Они снова с Ленкой расстались. И теперь уже навсегда, в этом сомнений не было.

Степан, хотя и жара на улице, зябко запахнул потертую джинсовку. Он стоял на привокзальной площади райцентра К. – в двух часах езды от Воронежа – и ждал автобуса до деревни Калинки. Наверно, его принимают за наркомана: все кругом в шортах, изнывают от зноя, у бесплатного фонтанчика с питьевой водой – остались еще в провинции такие архаизмы – работают локтями распаренные граждане, а он кутается в куртку с длинными рукавами.

Но его действительно знобило – без всяких наркотиков. И даже без капли алкоголя, хотя Ленка бы хохотала как бешеная, узнай, что вчера, за целый горячий летний день, он не влил в себя ни единого глотка пива. И сегодня тоже не пил – хотя по поезду спиртное носили. Но Степа решил, когда все случилось: трезвенником он, конечно, не станет. В нашей стране такое поведение выглядит подозрительно или, по меньшей мере, глупо. Но с алкоголем – по любому поводу, мимоходом, к завтраку, потому что дождь или когда по телику фильм тяжелый – однозначно покончено. Хотя спиртное его вроде и не затягивает, иначе б давно спился за те два года, что прожил в угарной, пропитанной парами алкоголя Ленкиной квартире, но, на всякий случай, хватит уже искушать собственный организм, дурманить голову бесконечной водкой. К тому же непонятно, сколько вольных деньков ему осталось.
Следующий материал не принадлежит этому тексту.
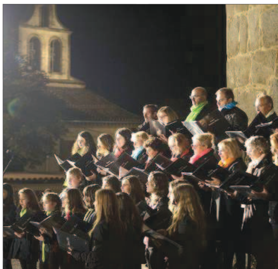
Integrantes de la coral y de la escolanía durante la ofrenda a Santa Teresa.

nea, desde el Renacimiento hasta nuestros días. Esta coral organiza y participa en las Jornadas Polifónicas Internacionales Ciudad de Ávila, que han adquirido gran prestigio y renombre por el alto nivel de los coros participantes y que ha conseguido, con mucho esfuerzo, mantener año tras año su carácter internacional de este certamen coral, que el año que viene llegará a su vigésima edición. El año pasado fueron invitados a estas Jornadas Polifónicas el coro alemán Voices 'Chor Au Würzburg', un grupo formado por 55 coralistas, que permanecieron en Ávila durante cinco días, descubriendo esta ciudad. Para el próximo año la coral tiene previsto —si consigue los fondos necesarios— desplazarse a Alemania, invitados por el grupo alemán, devolviendo de este modo la visita del grupo alemán. La
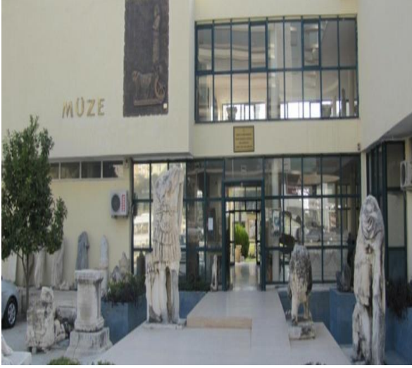
* ADANA ARKEOLOJİ MÜZESİ

Степан, конечно, надеялся, что немало. По крайней мере, он сделал все, чтобы ни один, даже самый пытливый, ментяра не сумел выйти на его след.

…Когда Степа понял, что никакие чудеса подругу не воскресят – ни за что и никогда, – он просто, не теряя лишнего времени, вышел из квартиры. Спокойно, будто гуляя, двинул к магазину – пусть бабули-соседки, вечный контингент, коротающий жаркие летние дни у открытых окошек, не сомневаются: очередной, как они его называли, местный алкаш отправился за поправкой здоровья. Но когда он проходил «девяточку» – ближайшую к дому питейную точку, гастроном, когда-то числившийся под номером девять, – внутрь его заходить не стал, чем немало изумил их с Ленкой многочисленных приятелей, толкавшихся на пороге. Доброжелательный сизоносый Иваныч даже крикнул вслед:

– Ты чё, Степанидзе? Бабла, что ль, нет? Не ссы, угостим!

Отвечать Степа не стал. Да и как объяснишь собутыльникам, что спиртное ему за эти два года настолько обрыдло… Все равно ведь не поверят.

Он, неприметный в своих летних, выцветших джинсах, темно-синей, без всяких рисунков футболке и с джинсовой курткой, перекинутой через руку, вошел в метро. Распаренный милицейский сержант, карауливший вход, скользнул по нему равнодушным взглядом и отвернулся. Менты, к счастью, к Степану никогда не цеплялись – если только не приходилось, спасибо беспутной Ленке, допиваться до полной каши в голове. А когда Степа был трезвым, блюстителей порядка он не интересовал. Наверно, они тут же просчитывали в своих милицейских мозгах: что с такого возьмешь? Явно славянской внешности, по виду москвич, но классом куда ниже среднего, в лопатнике и пятихатки не сыщется…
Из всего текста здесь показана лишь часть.